**RECORDS FOR PROCESSING:**
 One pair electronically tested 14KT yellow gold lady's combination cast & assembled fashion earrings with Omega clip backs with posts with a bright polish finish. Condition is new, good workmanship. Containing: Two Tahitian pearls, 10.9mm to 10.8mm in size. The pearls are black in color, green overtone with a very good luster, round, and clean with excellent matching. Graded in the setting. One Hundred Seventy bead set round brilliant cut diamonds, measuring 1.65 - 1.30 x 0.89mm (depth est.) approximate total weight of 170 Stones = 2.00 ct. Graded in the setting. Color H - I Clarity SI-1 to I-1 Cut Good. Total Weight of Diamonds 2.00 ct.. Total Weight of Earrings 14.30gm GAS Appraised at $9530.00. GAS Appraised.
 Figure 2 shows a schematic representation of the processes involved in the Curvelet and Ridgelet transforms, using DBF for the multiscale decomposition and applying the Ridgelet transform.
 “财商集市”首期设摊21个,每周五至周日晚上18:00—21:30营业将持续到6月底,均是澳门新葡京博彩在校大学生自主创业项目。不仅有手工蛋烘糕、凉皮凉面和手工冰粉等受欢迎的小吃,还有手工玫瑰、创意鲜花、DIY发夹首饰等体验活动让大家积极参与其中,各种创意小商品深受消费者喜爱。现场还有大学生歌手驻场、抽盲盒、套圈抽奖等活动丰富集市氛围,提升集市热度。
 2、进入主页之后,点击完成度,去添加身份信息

--

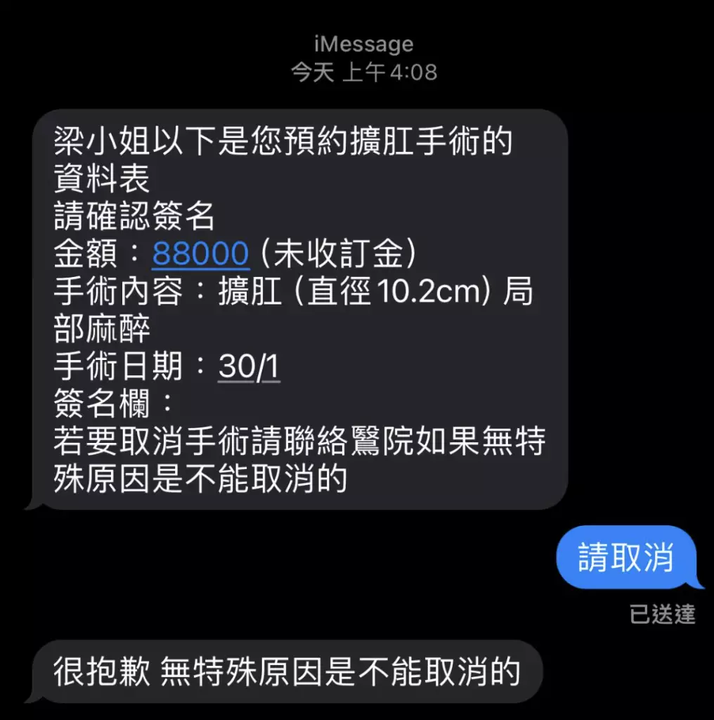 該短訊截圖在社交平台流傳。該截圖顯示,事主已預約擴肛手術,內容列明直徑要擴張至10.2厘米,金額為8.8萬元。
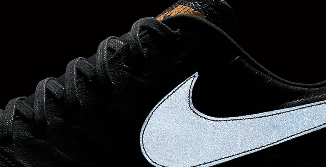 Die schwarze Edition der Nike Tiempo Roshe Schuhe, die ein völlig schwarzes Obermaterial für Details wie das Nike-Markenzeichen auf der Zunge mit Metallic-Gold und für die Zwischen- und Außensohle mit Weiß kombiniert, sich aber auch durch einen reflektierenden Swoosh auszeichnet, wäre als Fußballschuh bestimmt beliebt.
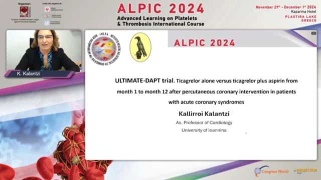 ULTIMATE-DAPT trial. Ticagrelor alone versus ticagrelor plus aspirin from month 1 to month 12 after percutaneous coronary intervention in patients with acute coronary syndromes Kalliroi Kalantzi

**ACTIVITY:**
Copy out, exactly and alone, the lines of the entries above between the ones holding "One pair electronically" and "Figure 2 shows", inclusive.

**RESULT:**
 One pair electronically tested 14KT yellow gold lady's combination cast & assembled fashion earrings with Omega clip backs with posts with a bright polish finish. Condition is new, good workmanship. Containing: Two Tahitian pearls, 10.9mm to 10.8mm in size. The pearls are black in color, green overtone with a very good luster, round, and clean with excellent matching. Graded in the setting. One Hundred Seventy bead set round brilliant cut diamonds, measuring 1.65 - 1.30 x 0.89mm (depth est.) approximate total weight of 170 Stones = 2.00 ct. Graded in the setting. Color H - I Clarity SI-1 to I-1 Cut Good. Total Weight of Diamonds 2.00 ct.. Total Weight of Earrings 14.30gm GAS Appraised at $9530.00. GAS Appraised.
 Figure 2 shows a schematic representation of the processes involved in the Curvelet and Ridgelet transforms, using DBF for the multiscale decomposition and applying the Ridgelet transform.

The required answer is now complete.